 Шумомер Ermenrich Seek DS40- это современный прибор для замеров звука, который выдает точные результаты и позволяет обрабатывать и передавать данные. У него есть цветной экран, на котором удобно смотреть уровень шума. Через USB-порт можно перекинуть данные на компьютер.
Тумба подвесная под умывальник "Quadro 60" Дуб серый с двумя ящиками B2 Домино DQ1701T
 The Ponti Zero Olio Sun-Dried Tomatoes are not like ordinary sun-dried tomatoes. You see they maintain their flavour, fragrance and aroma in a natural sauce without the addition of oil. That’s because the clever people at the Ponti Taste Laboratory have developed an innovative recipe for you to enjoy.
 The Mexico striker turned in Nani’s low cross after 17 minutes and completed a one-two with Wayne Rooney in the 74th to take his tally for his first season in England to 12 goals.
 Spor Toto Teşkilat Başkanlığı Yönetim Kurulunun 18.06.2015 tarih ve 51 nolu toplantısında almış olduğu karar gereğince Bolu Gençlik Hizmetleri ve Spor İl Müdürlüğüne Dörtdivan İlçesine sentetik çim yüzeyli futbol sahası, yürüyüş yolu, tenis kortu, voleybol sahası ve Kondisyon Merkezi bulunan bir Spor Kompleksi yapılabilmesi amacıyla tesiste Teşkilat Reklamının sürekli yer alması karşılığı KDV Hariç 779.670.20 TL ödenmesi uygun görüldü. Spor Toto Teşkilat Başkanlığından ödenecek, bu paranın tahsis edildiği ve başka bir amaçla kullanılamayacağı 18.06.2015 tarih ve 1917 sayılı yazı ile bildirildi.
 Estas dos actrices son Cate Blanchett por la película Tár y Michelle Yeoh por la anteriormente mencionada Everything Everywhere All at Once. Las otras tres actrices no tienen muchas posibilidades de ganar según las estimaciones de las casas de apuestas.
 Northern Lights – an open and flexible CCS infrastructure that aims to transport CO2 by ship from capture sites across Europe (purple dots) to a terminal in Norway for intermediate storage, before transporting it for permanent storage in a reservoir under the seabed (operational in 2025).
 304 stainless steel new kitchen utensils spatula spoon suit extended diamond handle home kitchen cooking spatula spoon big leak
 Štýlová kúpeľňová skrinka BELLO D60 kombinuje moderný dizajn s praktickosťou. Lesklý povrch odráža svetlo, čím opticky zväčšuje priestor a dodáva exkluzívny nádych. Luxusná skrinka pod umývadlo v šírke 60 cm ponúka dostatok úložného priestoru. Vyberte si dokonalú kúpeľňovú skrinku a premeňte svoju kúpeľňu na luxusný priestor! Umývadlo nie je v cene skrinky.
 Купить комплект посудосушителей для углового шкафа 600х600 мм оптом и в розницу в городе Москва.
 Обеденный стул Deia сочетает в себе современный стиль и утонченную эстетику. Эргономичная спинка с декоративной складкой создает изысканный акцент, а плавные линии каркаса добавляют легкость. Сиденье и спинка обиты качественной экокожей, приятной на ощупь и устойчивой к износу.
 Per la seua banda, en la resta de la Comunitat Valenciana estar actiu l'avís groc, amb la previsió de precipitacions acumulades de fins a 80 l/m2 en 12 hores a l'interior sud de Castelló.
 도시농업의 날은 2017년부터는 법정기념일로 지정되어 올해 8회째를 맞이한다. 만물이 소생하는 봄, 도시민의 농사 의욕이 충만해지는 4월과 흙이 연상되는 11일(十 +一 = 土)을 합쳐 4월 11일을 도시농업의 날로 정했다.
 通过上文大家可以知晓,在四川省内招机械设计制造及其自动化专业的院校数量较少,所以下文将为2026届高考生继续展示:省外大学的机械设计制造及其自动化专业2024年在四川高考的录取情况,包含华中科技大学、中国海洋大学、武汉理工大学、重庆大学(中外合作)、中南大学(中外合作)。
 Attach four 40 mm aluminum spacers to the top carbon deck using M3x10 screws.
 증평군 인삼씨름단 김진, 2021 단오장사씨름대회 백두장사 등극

▶ _INSTRUCTIONS FOR THE TASK_:
Please retype all of the material above, keeping it exact.

▶ _ANSWER AREA_:
 Шумомер Ermenrich Seek DS40- это современный прибор для замеров звука, который выдает точные результаты и позволяет обрабатывать и передавать данные. У него есть цветной экран, на котором удобно смотреть уровень шума. Через USB-порт можно перекинуть данные на компьютер.
Тумба подвесная под умывальник "Quadro 60" Дуб серый с двумя ящиками B2 Домино DQ1701T
 The Ponti Zero Olio Sun-Dried Tomatoes are not like ordinary sun-dried tomatoes. You see they maintain their flavour, fragrance and aroma in a natural sauce without the addition of oil. That’s because the clever people at the Ponti Taste Laboratory have developed an innovative recipe for you to enjoy.
 The Mexico striker turned in Nani’s low cross after 17 minutes and completed a one-two with Wayne Rooney in the 74th to take his tally for his first season in England to 12 goals.
 Spor Toto Teşkilat Başkanlığı Yönetim Kurulunun 18.06.2015 tarih ve 51 nolu toplantısında almış olduğu karar gereğince Bolu Gençlik Hizmetleri ve Spor İl Müdürlüğüne Dörtdivan İlçesine sentetik çim yüzeyli futbol sahası, yürüyüş yolu, tenis kortu, voleybol sahası ve Kondisyon Merkezi bulunan bir Spor Kompleksi yapılabilmesi amacıyla tesiste Teşkilat Reklamının sürekli yer alması karşılığı KDV Hariç 779.670.20 TL ödenmesi uygun görüldü. Spor Toto Teşkilat Başkanlığından ödenecek, bu paranın tahsis edildiği ve başka bir amaçla kullanılamayacağı 18.06.2015 tarih ve 1917 sayılı yazı ile bildirildi.
 Estas dos actrices son Cate Blanchett por la película Tár y Michelle Yeoh por la anteriormente mencionada Everything Everywhere All at Once. Las otras tres actrices no tienen muchas posibilidades de ganar según las estimaciones de las casas de apuestas.
 Northern Lights – an open and flexible CCS infrastructure that aims to transport CO2 by ship from capture sites across Europe (purple dots) to a terminal in Norway for intermediate storage, before transporting it for permanent storage in a reservoir under the seabed (operational in 2025).
 304 stainless steel new kitchen utensils spatula spoon suit extended diamond handle home kitchen cooking spatula spoon big leak
 Štýlová kúpeľňová skrinka BELLO D60 kombinuje moderný dizajn s praktickosťou. Lesklý povrch odráža svetlo, čím opticky zväčšuje priestor a dodáva exkluzívny nádych. Luxusná skrinka pod umývadlo v šírke 60 cm ponúka dostatok úložného priestoru. Vyberte si dokonalú kúpeľňovú skrinku a premeňte svoju kúpeľňu na luxusný priestor! Umývadlo nie je v cene skrinky.
 Купить комплект посудосушителей для углового шкафа 600х600 мм оптом и в розницу в городе Москва.
 Обеденный стул Deia сочетает в себе современный стиль и утонченную эстетику. Эргономичная спинка с декоративной складкой создает изысканный акцент, а плавные линии каркаса добавляют легкость. Сиденье и спинка обиты качественной экокожей, приятной на ощупь и устойчивой к износу.
 Per la seua banda, en la resta de la Comunitat Valenciana estar actiu l'avís groc, amb la previsió de precipitacions acumulades de fins a 80 l/m2 en 12 hores a l'interior sud de Castelló.
 도시농업의 날은 2017년부터는 법정기념일로 지정되어 올해 8회째를 맞이한다. 만물이 소생하는 봄, 도시민의 농사 의욕이 충만해지는 4월과 흙이 연상되는 11일(十 +一 = 土)을 합쳐 4월 11일을 도시농업의 날로 정했다.
 通过上文大家可以知晓,在四川省内招机械设计制造及其自动化专业的院校数量较少,所以下文将为2026届高考生继续展示:省外大学的机械设计制造及其自动化专业2024年在四川高考的录取情况,包含华中科技大学、中国海洋大学、武汉理工大学、重庆大学(中外合作)、中南大学(中外合作)。
 Attach four 40 mm aluminum spacers to the top carbon deck using M3x10 screws.
 증평군 인삼씨름단 김진, 2021 단오장사씨름대회 백두장사 등극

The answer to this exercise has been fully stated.